After losing child, Round Rock couple strives to end distracted driving

After losing child, Round Rock couple strives to end distracted driving

The White family had its first holiday season this year without Allie.

Jamie and Chris White, along with their family and friends, are still feeling the pain of losing their young daughter after she was struck and killed by a vehicle in a parking lot at Old Settlers Park on Sept. 29.

Chris White, Allie’s father, said the driver was distracted.

"Thanksgiving was hard without her," Jamie White said days after that holiday. "And as we near her birthday, all I can think about is that she would have been 3 and that was taken from us for no good reason.

Now the family is looking to turn something awful into something good. "The only thing positive that can come out of this … is that through tragedy God makes something good," Jamie White said.

Allie’s family is sharing its story in the hopes of making drivers think twice about being distracted behind the wheel. Since her death, the family has reached out to news media and testified at a hearing with Texas Department of Transportation officials to make roads safer.

The family is supporting the TxDOT #EndTheStreak campaign, which aims to have zero traffic deaths on Texas roads by 2050. The initiative comes after almost 400 people died because of distracted driving in 2018, according to department data. That number might even rise, as the same data show 1 in 5 crashes in Texas are related to distractions behind the wheel.

Jamie White has recounted the story of the tragic day Allie lost her life to many people. She said her husband had taken Allie and her brothers to Old Settlers Park to play soccer, parking at the end of the second row from the field next to a grassy patch.

Chris White put sunscreen on the boys and helped them cross a street in the park before getting Allie out of her car seat. As he turned to pick up a new bottle of sunscreen, Allie decided to cross the narrow strip of parking lot between the family’s car and the soccer field where her brothers were playing.

Jamie White said her husband saw a speeding car with a driver who was on the phone. He took off toward Allie, but the driver turned too quickly, still distracted, knocking Allie down with the front of her car.

Jamie White said her husband tried to grab Allie, but the driver didn’t realize what had happened, speeding over Allie with her back tires. She said the collision probably killed her instantly.

Jamie White said the woman didn’t get off the phone even after parking and exiting her car.

"Something like this was so preventable, you know, to the point of really ridiculousness.

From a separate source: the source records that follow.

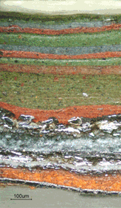 Es lassen sich alle Schichten der Grundierung, des Zwischen- und Decklacks finden, im Optimalfall auch auf Bindemittel und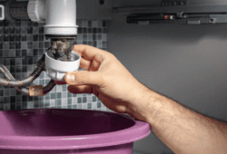 Entupimentos no lava-loiça são comuns devido ao acúmulo de gordura e restos alimentares.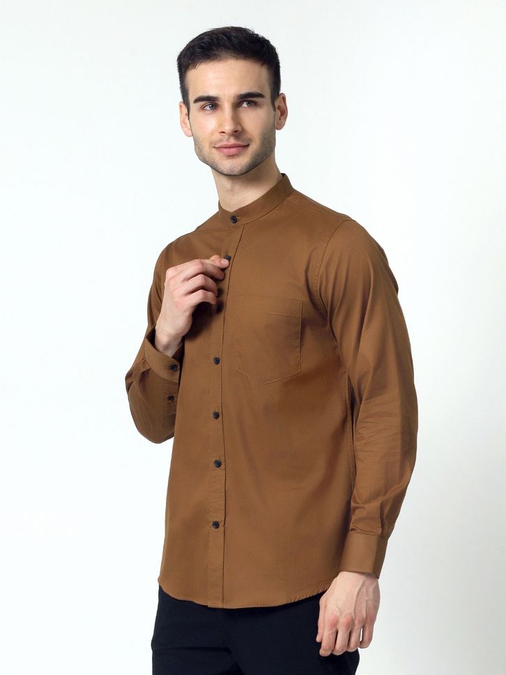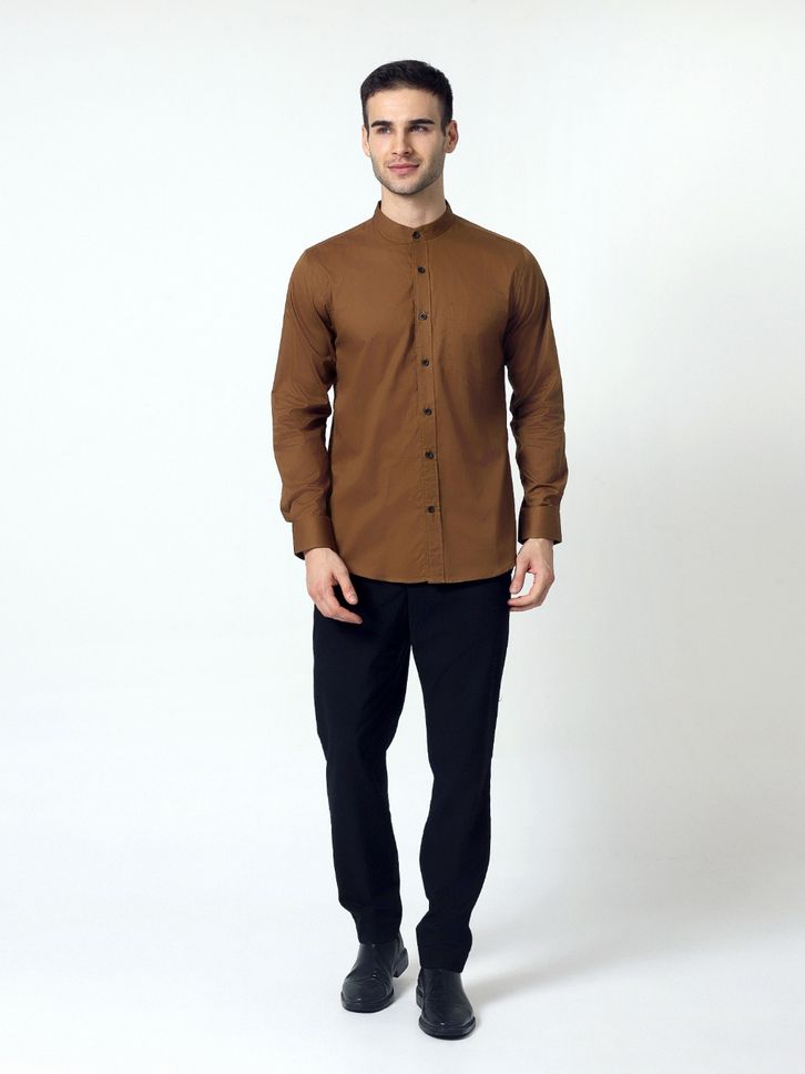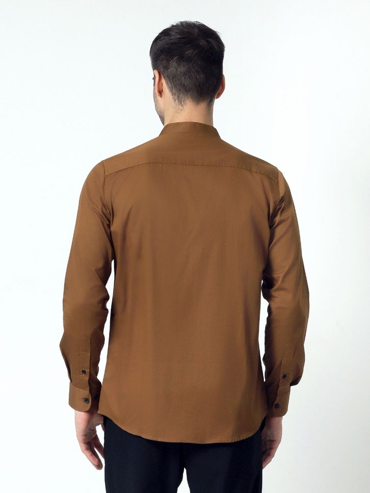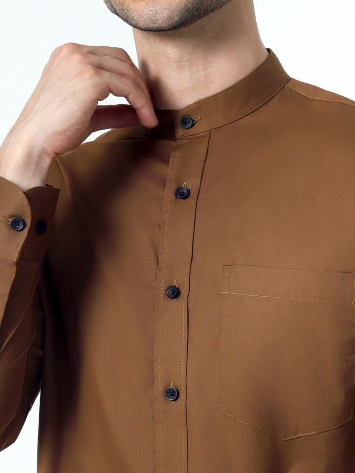 Kemeja Koko Pria Polos Cotton Well Badr Shirt Bronze Panjang Coklat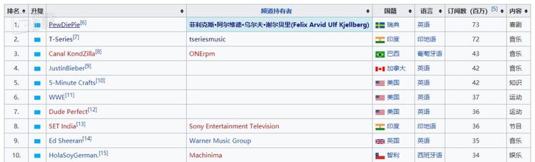 YouTube订阅榜单的前十名,第三名只有不到5000万订阅,远低于PewDiePie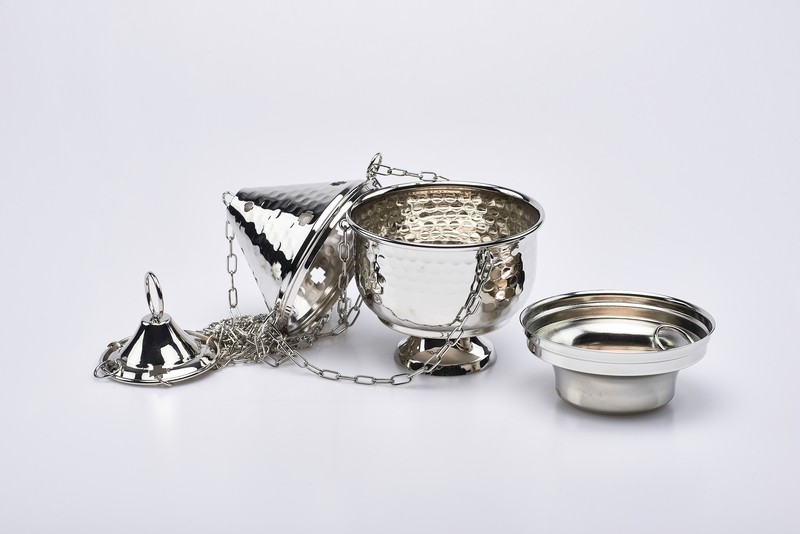 Turibolo nikelato altezza cm. 15,5x Ø11,5, con base Ø cm.6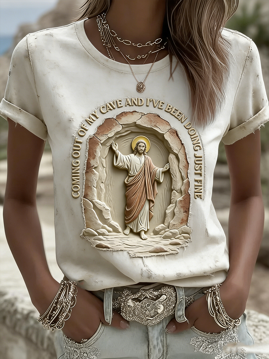 Women's He Is Not Here He Has Risen! Jesus Christian Cross Print Casual Tee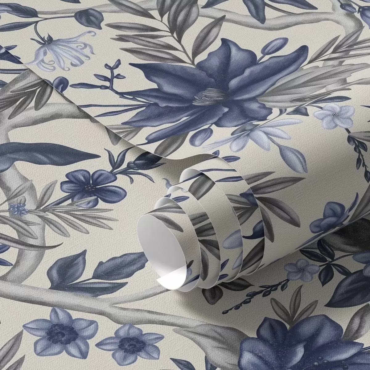 Ταπετσαρία Μπλε και γκρι λουλούδια σε ανοιχτό φόντο Nr. a00304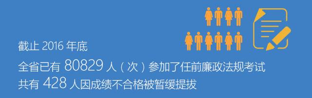 知纪明纪,方能敬纪守纪。省纪委把领导干部任前廉政法规考试制度作为党章党规党纪教育的硬措施,坚持“凡提必考、以考促学、以学促廉”,不断健全相关规定,及时更新考试内容,着力提升考廉效果,截止2016年底,全省已有80829人(次)参加了任前廉政法规考试,共有428人因成绩不合格被暂缓提拔。我省考廉制度得到中央纪委的充分肯定,做法被《人民日报》、中央纪委网站等多家媒体多次刊发转载。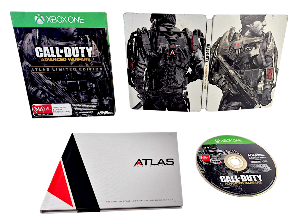 DESCRIPTION: Call of Duty: Advanced Warfare introduces exo-suit movement, adding verticality and speed to combat with boosts, dashes, and enhanced mobility. The Atlas Edition includes physical collectibles and bonus content, making it highly desirable for collectors. The campaign features a strong cinematic presentation, while multiplayer benefits from the new movement system to create dynamic matches. Combined with its futuristic setting and refined gunplay, it stands out within the series. A great addition for both Call of Duty fans and collectors looking for a premium Xbox One edition.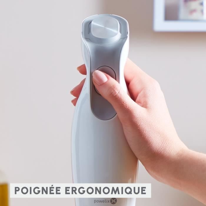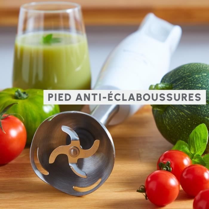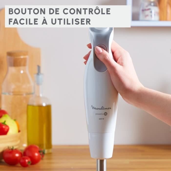 Blender ręczny Moulinex Dailychef oferuje optymalną wydajność i łatwość obsługi. Posiada 4 ostrza ze stali nierdzewnej z technologią Powelix, gwarantujące długotrwałą wydajność miksowania i 30% szybsze rezultaty (w porównaniu z naszą klasyczną technologią 2 ostrzy). Dzięki mocnemu silnikowi o mocy 600 W zapewnia optymalną wydajność. Blender ręczny jest wyposażony w ergonomiczny, teksturowany uchwyt z jednym, bardzo intuicyjnym przyciskiem podwójnej prędkości, aby spełnić wszystkie Twoje potrzeby w zakresie miksowania.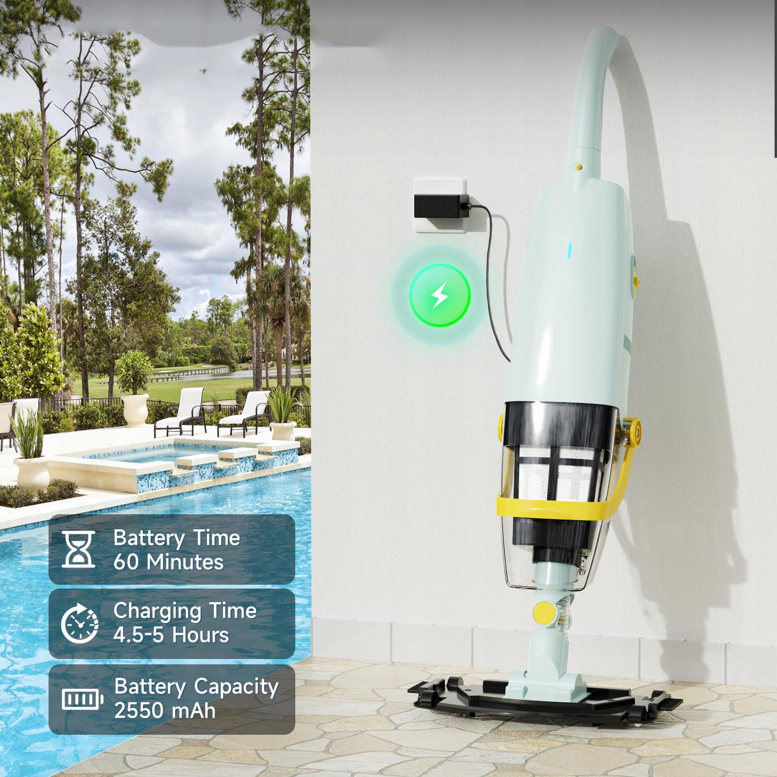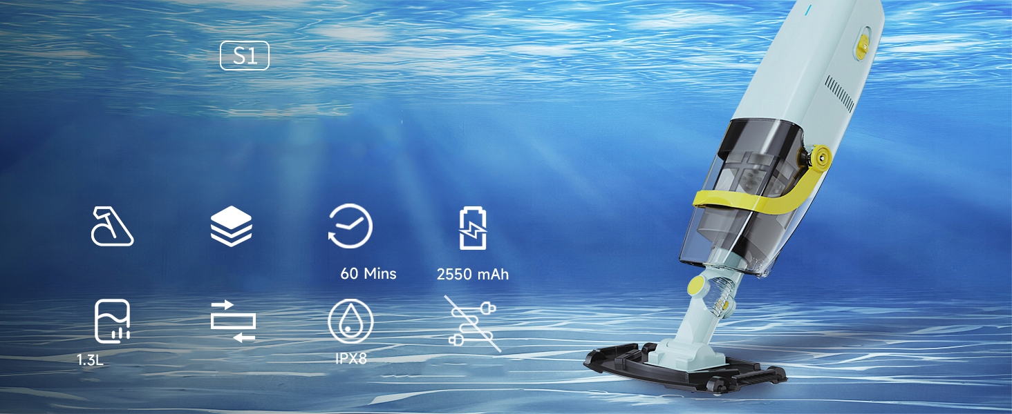 - ✅【Довговічний і безпечний】: Цей електричний очищувач басейну оснащено літій-іонним акумулятором ємністю 2500 мАг, який забезпечує понад 60 хвилин роботи, достатньо для гнучкого глибокого очищення всього басейну, а повна зарядка займає менше 5 годин. Щоб світловий індикатор працював правильно, його необхідно занурити у воду; інакше він припинить роботу через 60 секунд. Це запобігає роботі двигуна на холостому ходу та розрядженню акумулятора.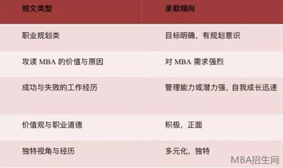 如人大17年申請短文“簡要概述你的短期和長期職業(yè)規(guī)劃,你認(rèn)為人大MBA項目將對你實現(xiàn)規(guī)劃產(chǎn)生什么作用”;復(fù)旦19年“如果您被復(fù)旦MBA錄取,請具體談?wù)勀膫€人學(xué)習(xí)規(guī)劃”;廣東外語外貿(mào)17年“我對廣外MBA “微笑”(SMILE)價值觀的理解”;等等。

It was wide open," Jamie White said. "I could understand if Allie had darted out between two cars and the driver couldn’t react quick enough; maybe I wouldn’t be so distraught. … There is no reason in the world she shouldn’t have seen my husband and daughter standing there."

Round Rock police spokesman Nick Olivier said police are still investigating the case. Once that is finished, he said, the Williamson County district attorney's office will review the case and decide whether to file charges against the driver.

At the TxDOT hearing, Jamie White told officials she and her family are committed to making streets safer for children by preventing distracted driving. The family is planning to set up a nonprofit, Allie’s Way, to advocate increasing penalties against offenders and creating safer parking lots.

The day Allie died, Jamie White said, her daughter told her, "I’m a superhero."

"And she is now because she is going to save a lot of lives," Jamie White said.

The family’s tragic story has quickly spread. Jamie White said she has seen news outlets as far away as England pick it up.

"We have had a massive outpouring from friends to complete strangers letting us know because of Allie they are getting off their phones and being more aware of what’s going on around them," Jamie White said.

The grieving mother said she hopes local parks and other organizations will reassess their parking lots to ensure that they are as safe as possible for children.

"If there had been a speed bump there, (the driver) would have bottomed out her car instead of killing my child," she said.